This piece by NCAC Executive Director Joan Bertin appeared in the February 24, 2014 CQ Researcher as part of a "point-counterpoint" section on media violence.

Violence has always been a fact of life and remains a reality for many people. It also has occupied a central place in art and literature, including children’s stories (“Hansel and Gretel”), classic texts (“The Odyssey”) and religious art (Gustave Doré’s illustrations in Dante’s “Inferno”). If violence is an accepted subject of timeless art and literature, why question it in contemporary modes of expression?

New forms of expression have always aroused anxiety and calls for restrictions, often accompanied by pseudo-scientific claims of harm. For example, in the 1950s psychiatrist Fredric Wertham’s now-discredited claims of harm nearly wiped out comic books in America.

Recently, the Supreme Court considered similar claims about video games and found that studies on the effects of violent games “show at best some correlation between exposure to violent entertainment and minuscule real-world effects [which] are both small and indistinguishable from the effect [of watching] cartoons starring Bugs Bunny or the Road Runner.” Official reports from Sweden, Norway, Australia and Great Britain have reached similar conclusions.

A federal appeals court rejected such arguments about media violence even more emphatically, holding that shielding children “from exposure to violent descriptions and images would not only be quixotic, but deforming,” leaving them “unequipped to cope with the world as we know it.” That doesn’t mean individuals have to like media violence or watch it or allow their children to do so. They’re free to make their own choices. However, they’re not entitled to impose their view on others, or to expect the government or anyone else to do it for them.
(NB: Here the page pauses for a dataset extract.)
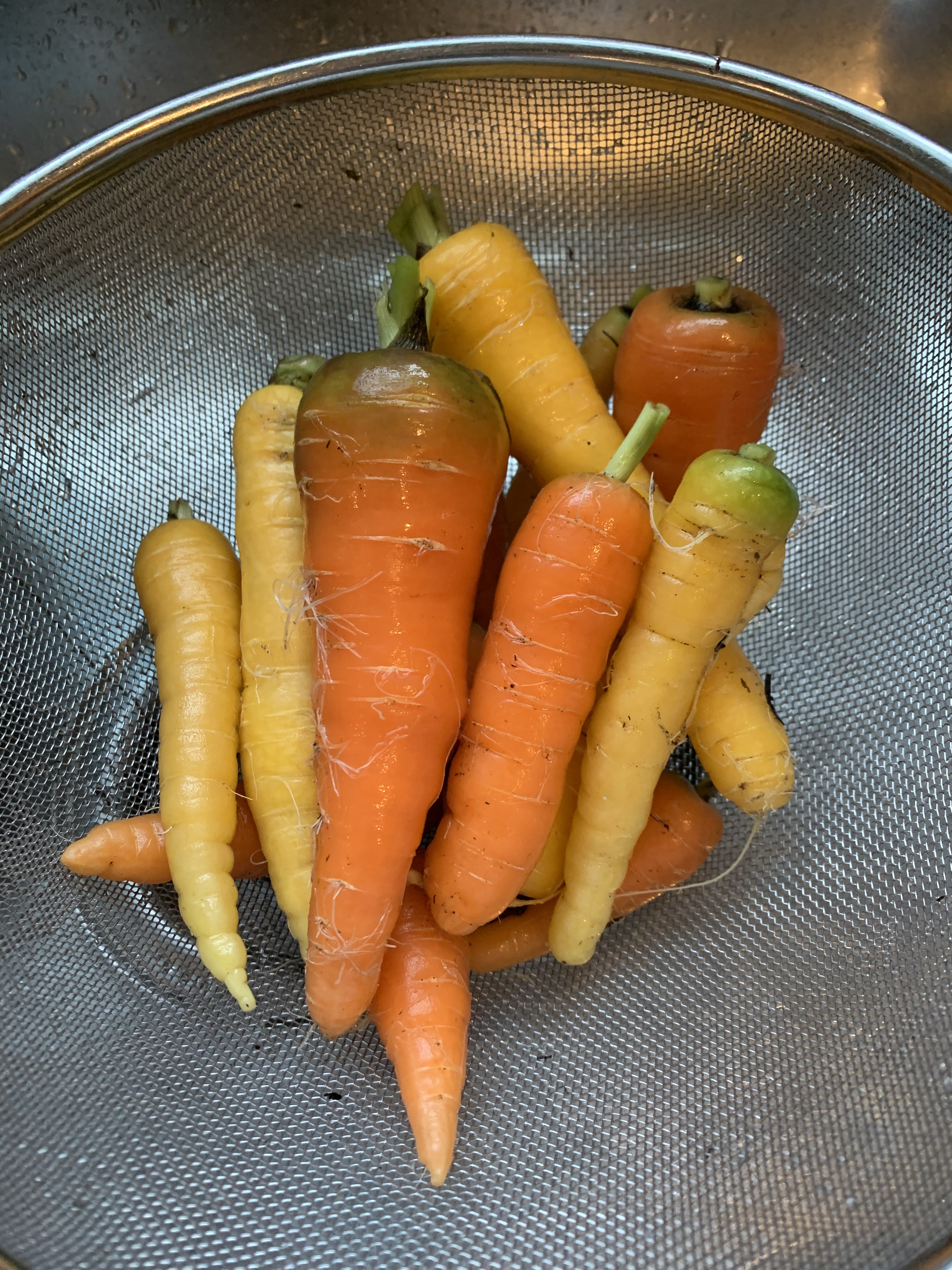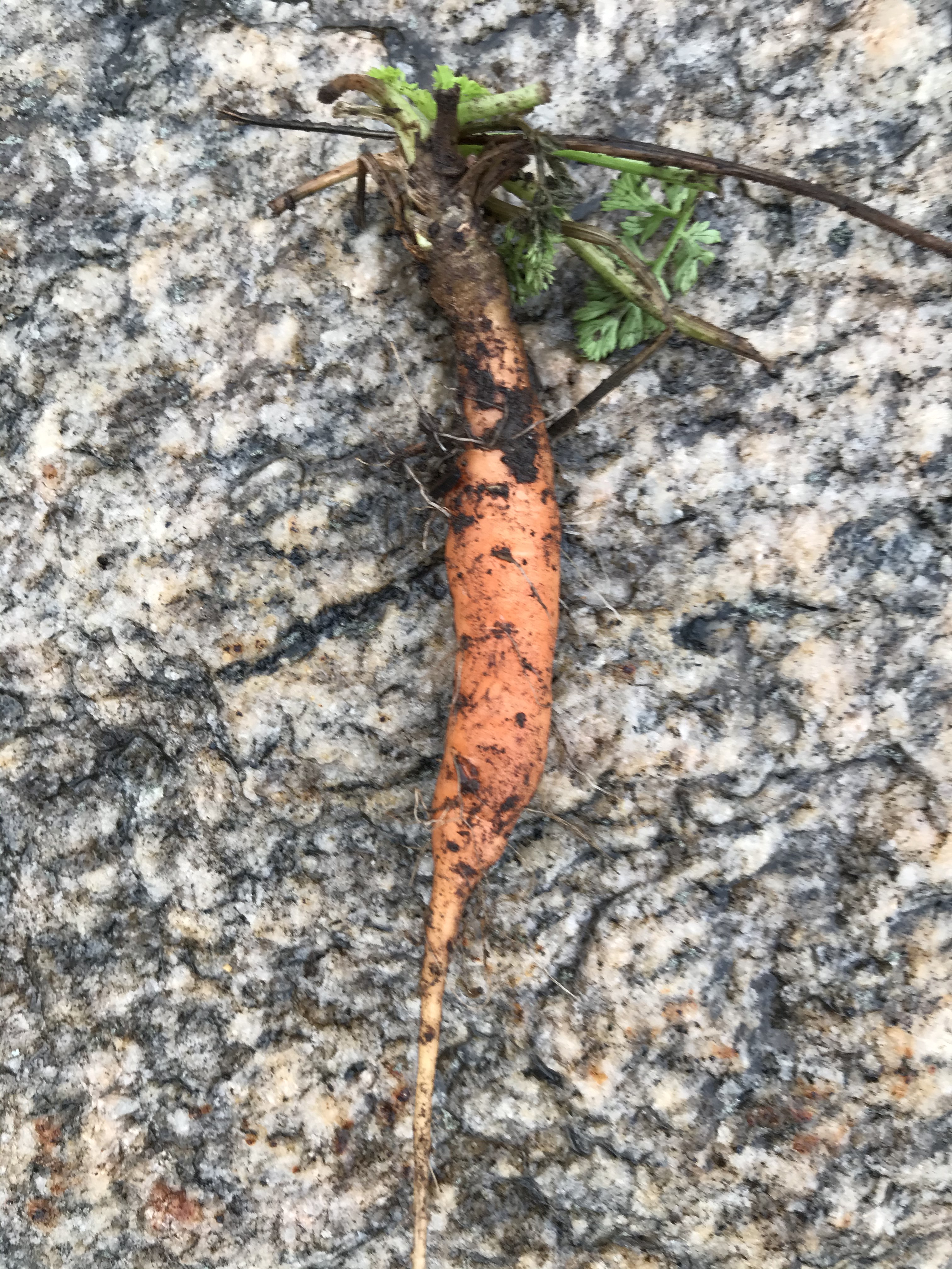 One of my favorite stories of this year’s carrot day is about the lone carrot on the bottom left of the carrot gallery. Here is what the farmer wrote about that carrot, “Here is the total result of my labors. Three carrot seed varieties, three plantings, netting, frequent watering, weeding. A carrot! I referred to it as the multitaskers carrot patch. Other challenges were drought and curious chickens.”

If the question is whether the government should require the media and communications industries to reduce children’s exposure to media violence, the answer is clearly “no.” As Supreme Court Justice Anthony Kennedy said in the 2000 majority opinion in United States v. Playboy Entertainment Group, the First Amendment “exists precisely so that opinions and judgments, including esthetic and moral judgments about art and literature, can be formed, tested and expressed. . . . [T]hese judgments are for the individual to make, not for the government to decree, even with the mandate or approval of a majority.”

If not the government, who else? The idea of a private watchdog or industry group acting as culture czar to dictate taste is both implausible and chilling. There are all kinds of ratings and reviews for anyone who wants to use them. Isn’t that good enough?